Титус Кроу
Шрифт:
Тем же утром он получил из Лондона авиапочтой посылку, в которой содержалось несколько тетрадей, различные документы и магнитофонные записи. Посылка пришла от личного друга профессора и бывшего сотрудника Фонда, Анри-Лорана де Мариньи. Этим же утром пришло сообщение из Британского подразделения Фонда. Оно содержало краткую и загадочную записку от медиума матушки Элеаноры Куорри. Эту записку Писли мне показал. Там было написано вот что: «Титус Кроу ушел. Его здесь больше нет. Думаю, на этот раз с ним ушел де Мариньи. Уингейт, мне кажется, что нас ждут ужасные беды».
Как это было типично для гениальной британской ясновидящей — и как загадочно.
Затем Писли сказал мне о том, как сильно ему хотелось бы самолично изучить содержимое посылки от де Мариньи, но сейчас у него просто не было на это времени. Это задание было дано мне. Наверное, оглядываясь назад, было бы лучше, если бы Писли в Иннсмут не поехал, а остался и занялся бы просмотром бумаг из посылки. Но кто мог знать?

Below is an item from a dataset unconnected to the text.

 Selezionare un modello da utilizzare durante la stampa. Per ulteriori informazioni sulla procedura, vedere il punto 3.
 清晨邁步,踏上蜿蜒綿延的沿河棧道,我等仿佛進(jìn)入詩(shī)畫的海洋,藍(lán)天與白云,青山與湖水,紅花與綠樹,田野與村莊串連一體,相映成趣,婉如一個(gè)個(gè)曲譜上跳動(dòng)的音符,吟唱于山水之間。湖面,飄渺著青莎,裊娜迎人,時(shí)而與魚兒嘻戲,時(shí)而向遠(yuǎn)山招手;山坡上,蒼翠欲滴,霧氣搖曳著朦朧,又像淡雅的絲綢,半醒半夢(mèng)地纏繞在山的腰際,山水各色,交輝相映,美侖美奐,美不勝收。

Первым делом я прочел записные книжки. Я закончил чтение утром двадцать четвертого марта. Поздно вечером двадцать пятого марта я приступил к прослушиванию магнитофонных кассет, а до тех пор у меня было много работы. Только я засел за прослушивание, как вдруг, сразу после полуночи, послышался подземный рокот. Это были первые зловещие предупреждения о дне Бури!

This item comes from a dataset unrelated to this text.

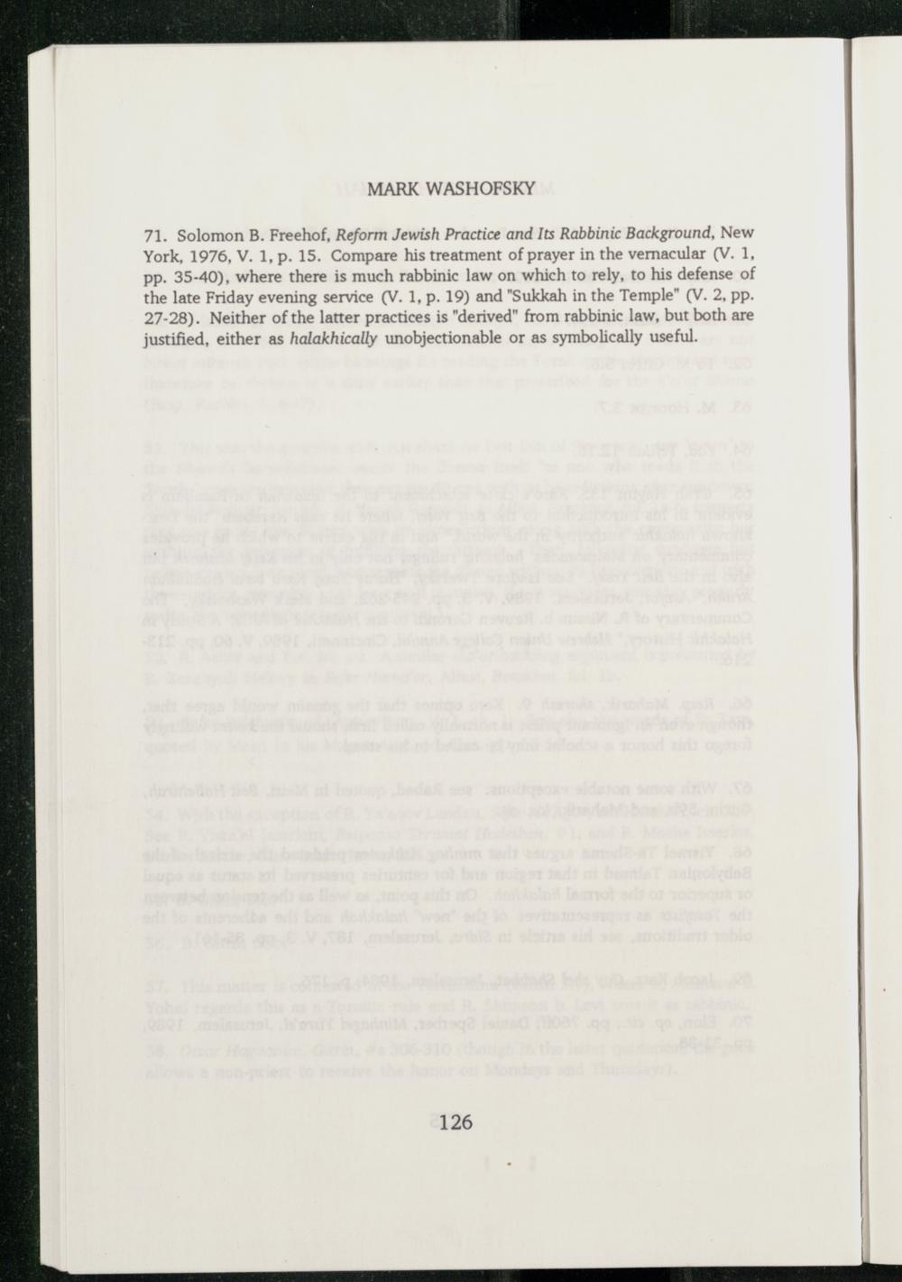 71. Solomon B. Freehof , Reform Jewish Practice and Its Rabbinic Background, New York , 1976, V. 1, p. 15. Compare his treatment of prayer in the vernacular(V. 1, pp. 35-40), where there is much rabbinic law on which to rely, to his defense of the late Friday evening service(V. 1, p. 19) and"Sukkah in the Temple"(V. 2, pp. 27-28). Neither of the latter practices is"derived" from rabbinic law, but both are justified, either as halakhically unobjectionable or as symbolically useful.

К счастью, до того, как Буря ударила в полную силу, мне удалось уложить рукописи и магнитофонные кассеты в свой офисный сейф. Когда четыре дня спустя я нашел сейф на развалинах университета, оказалось, что бумаги не пострадали. Кассетам повезло чуть меньше.
Вот такое предисловие. В качестве материала, призванного помочь пониманию того, что за силы стоят за Бурей, а также как личный отчет о собственном соприкосновении с БЦК и общении с Титусом Кроу, стоит прочесть записки Анри-Лорана де Мариньи. В них, так же как и в магнитофонных записях устных рассказов Титуса Кроу — и в недавно увидевшем свет рассказе де Мариньи о более ранних событиях, романе «Роющие землю», — не изменено ни единого слова в первоначальном тексте автора.
Часть первая
1. А что же с Титусом Кроу?
(Из записных книжек де Мариньи)
Когда я очнулся и обнаружил, что лежу на больничной койке, первая мысль у меня была, что это страшный сон — кошмар, вызванный лекарствами, которыми меня напичкали, чтобы я смог выздороветь после…
Чтобы я смог выздороветь после чего?
Сомневаться не приходилось: то ли я стал жертвой тяжелейшей аварии, то ли на меня было совершено свирепое нападение. Похоже, мои руки и ноги были переломаны в нескольких местах, буквально раздроблены. Я был забинтован от ступней до шеи и едва мог шевелить головой. Было больно. Так больно, что я не мог бы сказать, где именно у меня болит. Болело все тело. Мне сильно повезло, что я остался в живых! Но что и когда со мной произошло? Я не в состоянии был вспомнить хоть что-то. Или что-то все-таки было?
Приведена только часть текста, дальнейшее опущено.